Sunday, October 26, 2014

Karma is a cat on your doorstep


I knew I'd caught heartbreak in my hand one afternoon as Ittybit and I were running off to dance class. I just had that feeling.

I could barely understand the words coming from my daughter as she hollered for me to come quick. “Kitten” was the only word that registered.

Ittybit was dragging her dance bag to the car when a tiny, gray kitten startled her. It had been sitting on our porch when the two surprised each other face-to-face. No sooner had they locked eyes than the little feline vanished into the backyard.

"I don't see it," I said, not really wanting to find another pet. We already had a dog and a cat. Our furry family was complete. Not to mention, dance would tap and jazz without her.

"We should go. We'll be late."

"But it's just a baybeeee," she wailed.

Just then she spotted it. We spread out.

Ittybit tried to grab the tiny cat, but it spooked and ran in my direction. I reached out instinctively, and before I knew it, I had the gray fluff of infant feline gently in my hand. As a thank-you, it had sunk its teeth firmly into my finger.

No good deed ...

"Why didn't I just pretend it was too fast for me," I asked my husband as I washed and bandaged my pinky.

He just smiled and nodded. He would have done the same thing.

I smiled, too. “We should name it 'Karma.” It seemed fitting since a few weeks earlier I had teased some friends as they opened their door to a fifth stray cat.

One more and you might be able to skip the audition for 'Hoarders'.”

Karma … that is a kitten on your doorstep, alright.

Our vet said she seemed healthy enough, aside from the malnourishment and dehydration. No telling how long she'd been out in the world, separated from her mother.
I'm calling her a girl,” he explained. “But it's hard to tell. She's pretty young.”

So we took her home – this terrified, but now-purring, six-toed animal that had somehow found us -- and told The Champ the good news: It was his turn to name the newest addition.
And there was joy. The kind of joy you forget about when your household gets older.
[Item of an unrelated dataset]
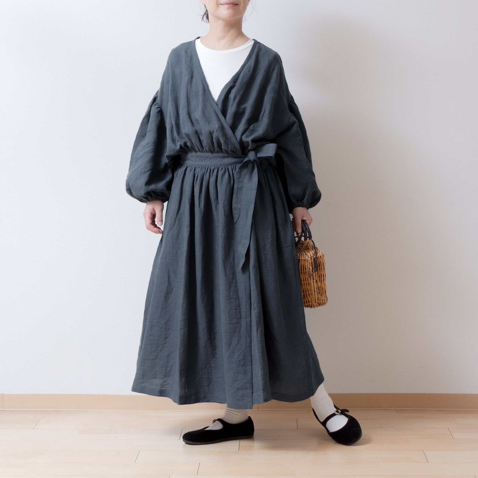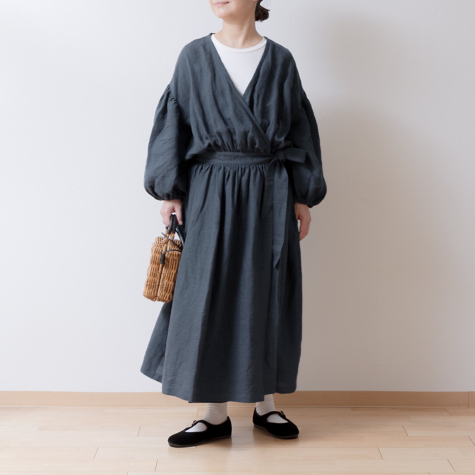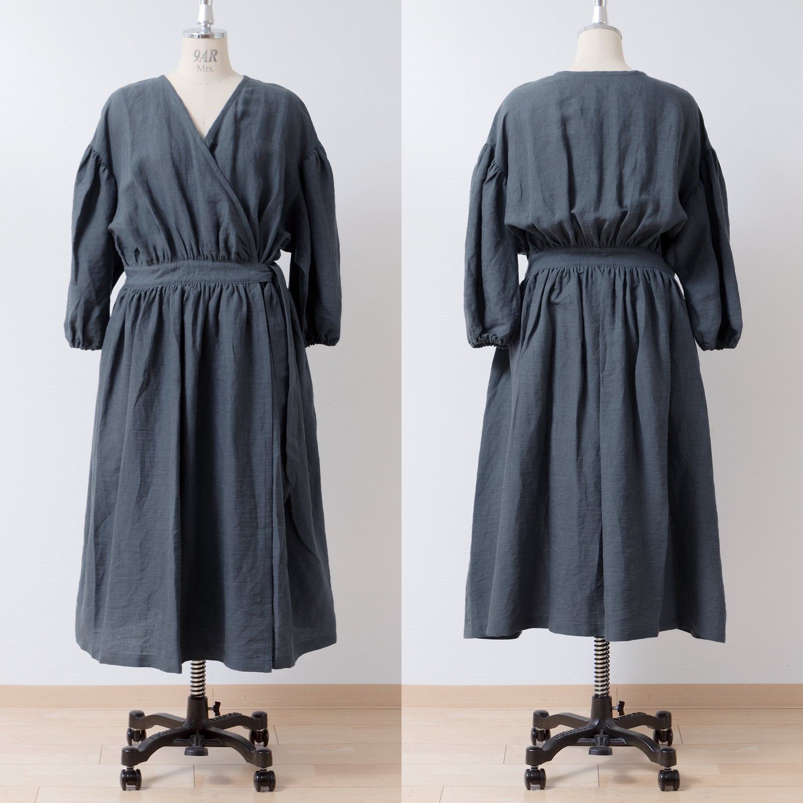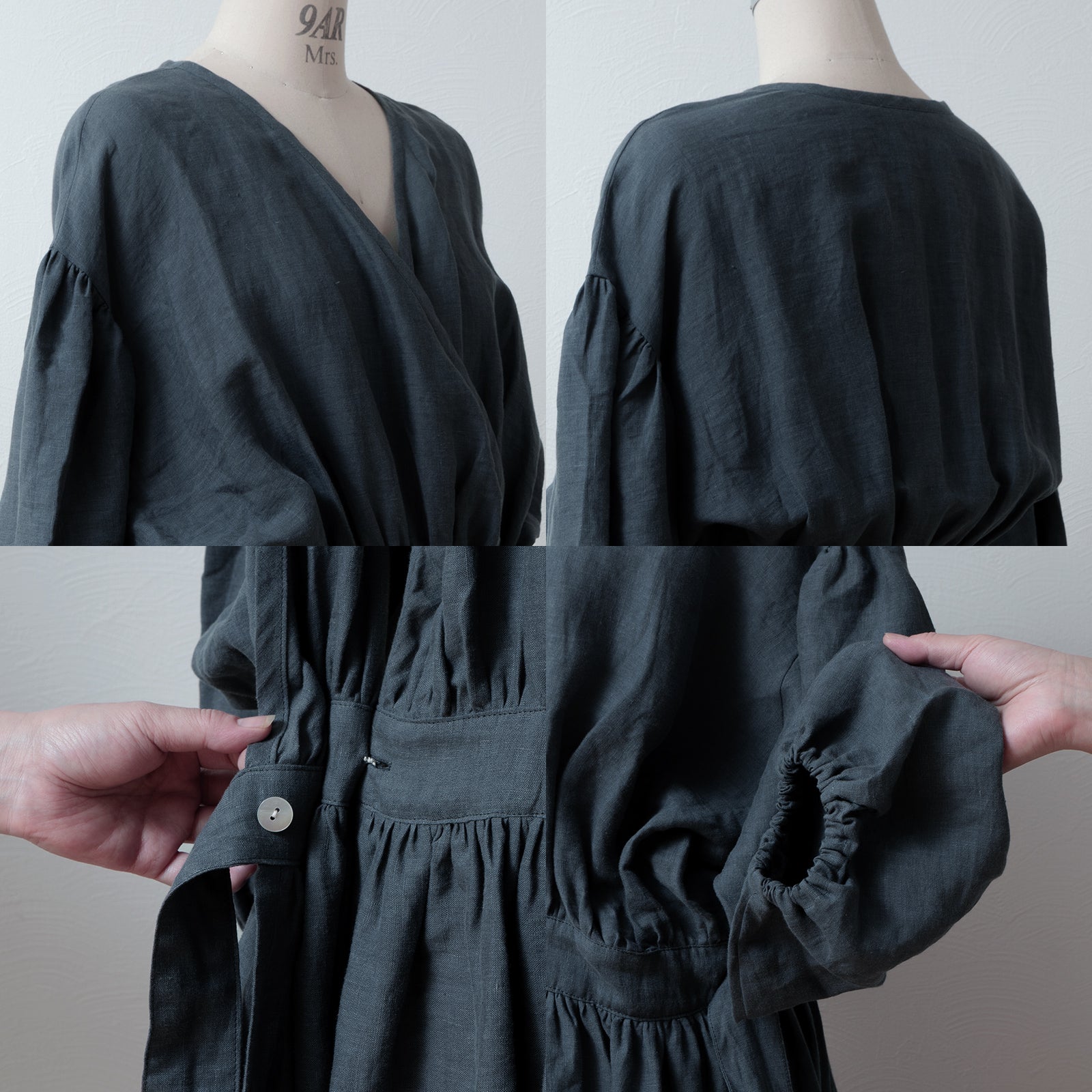 Cache-Coeur 褶皺兩用洋裝 - 法國亞麻/灰色

The lighter-than-air, happy baby, midnight-feedings kind of joy. The imagining what she will look like when she's older, kind of joy.
Of course, it wasn't to be.

Twenty-four hours later this tiny, barely-named kitten died. The dehydration too far gone for little laps of water and smidgeons of food to turn around.

We learned from a neighbor that the kitten's mother had been hit by a car several days earlier trying to move her four babies from one side of the road to the other.
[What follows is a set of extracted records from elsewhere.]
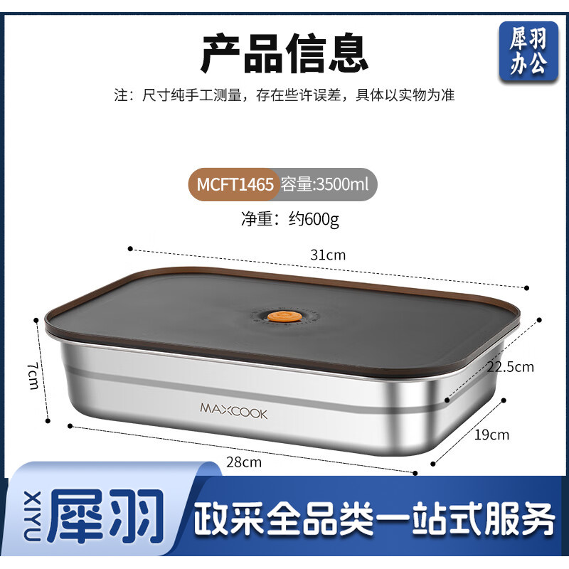 (MAXCOOK)保鲜盒304不锈钢 冰箱收纳盒冷冻盒饭盒便当盒
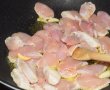 Am pus pastele la fiert in apa cu sare. Am folosit tagliatelle in doua culori, albe si verzi. Pieptul de pui spalat bine si uscat, l-am taiat cubulete, apoi fasii mai subtiri.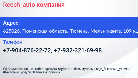 Reech_auto, компания по адресу 625026, Тюменская область, Тюмень, Мельникайте, 109 к1 в дальнейшем Организация, размещена в следующих категориях:

I knew it was coming. She'd almost stopped eating after her first shots at the vet. She wasn't playful. She became cuddly and wanting of attention. She fell asleep as the children stroked her back.
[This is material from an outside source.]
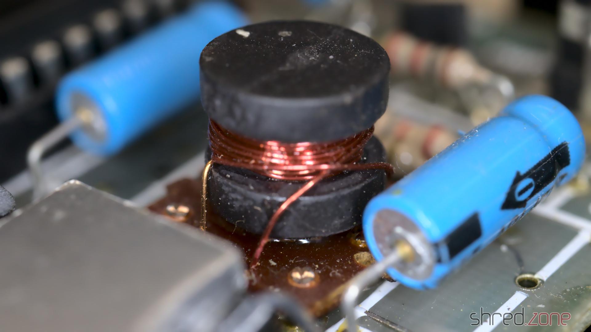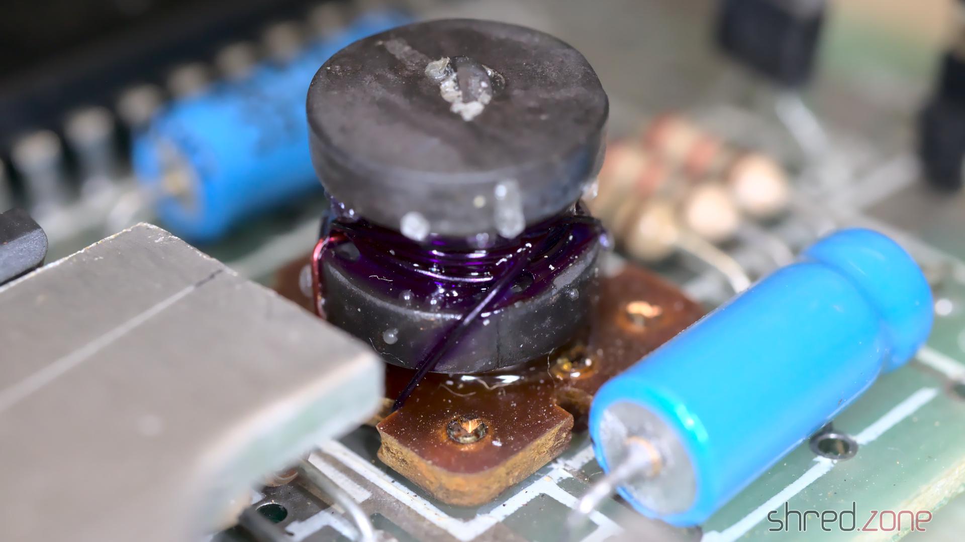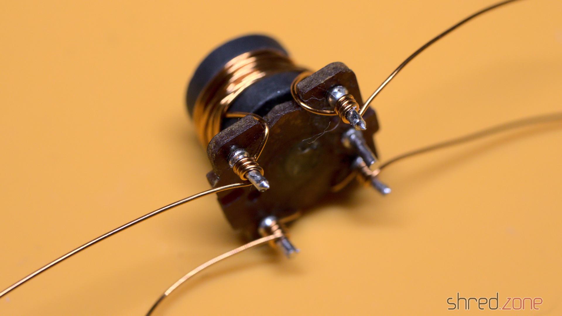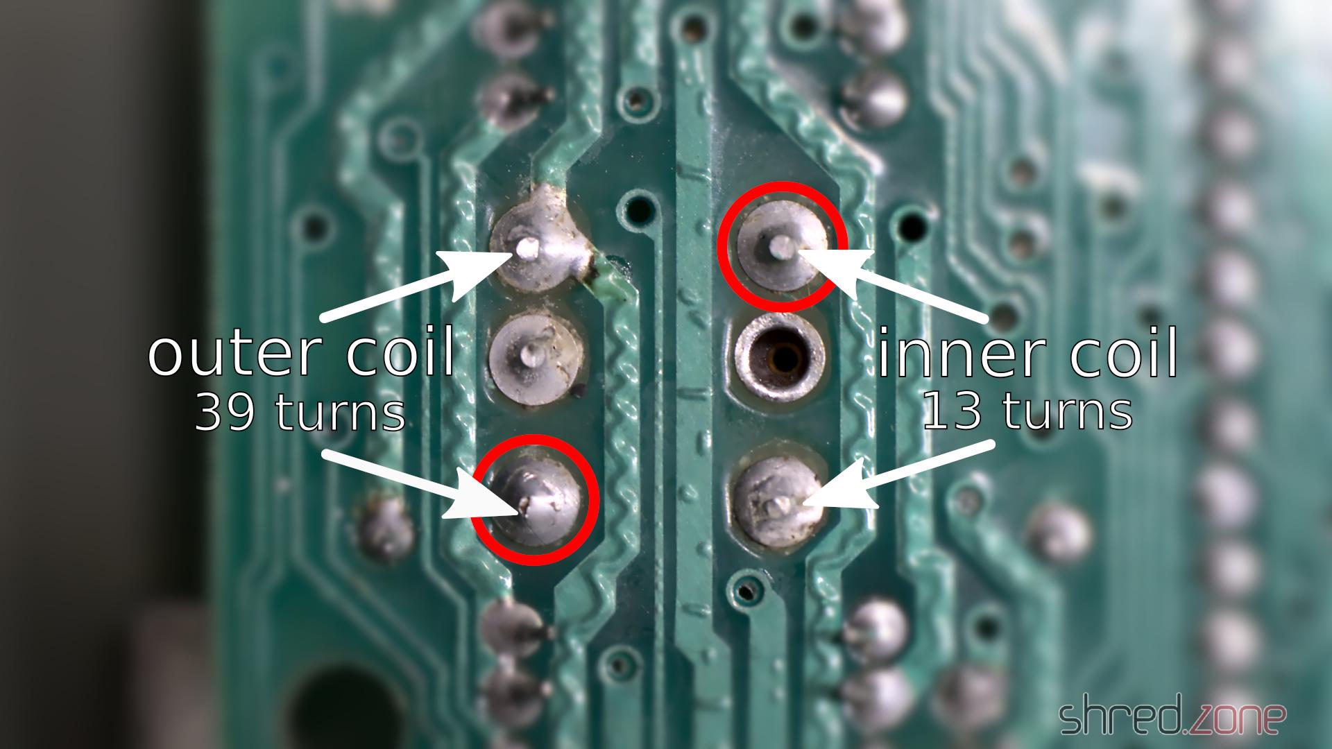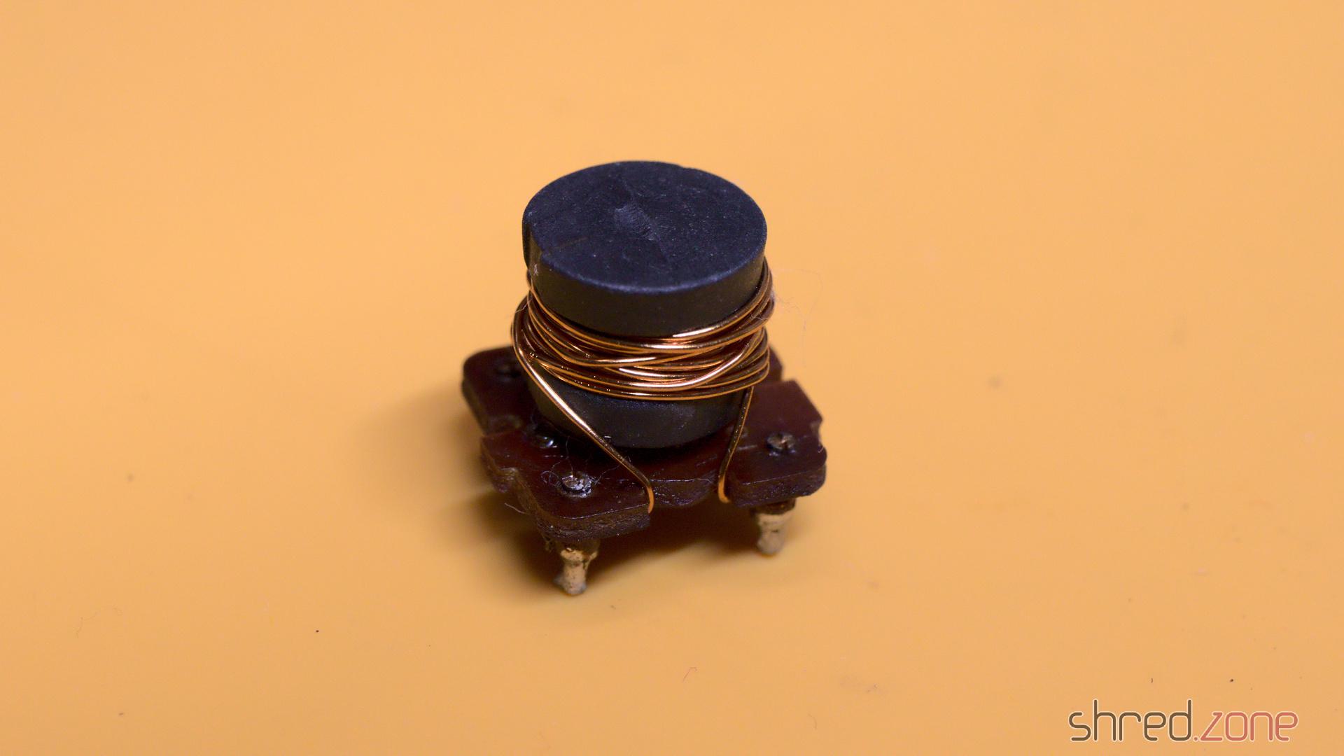 First we start with the inner coil. Wind a bit of the wire firmly around the pin marked in red on the next photo, then do 13 turns around the ferrite core, then wind the wire firmly to the other pin. The windings on the ferrite won’t need to be perfect, but should still be as tight as possible. I recommend to rewind the inner coil even if it appears to be intact, as the insulation might already be damaged.

As the children were getting ready for bed the next evening, her breathing turned labored and her mournful cries became whispers. I called the vet.
There wasn't anything they could do.

The next morning, we tearfully buried her next to our beloved dog.
Ittybit and The Champ took turns at the shovel.
Everyone cried. Her passing seemed more tragic that the release of our 16-year-old pup. It was too soon.

The only comfort, whispered over and over, was in knowing we'd given her all the warmth and love we had in her last hours. Knowing that she didn't die alone in the wind and rain.
In a few days, karma paid us another visit, or more accurately our pet-hoarding friends ...

And of course they brought with them a kitten they'd found under a porch – a playful, full-bellied, healthy little bundle of feline energy.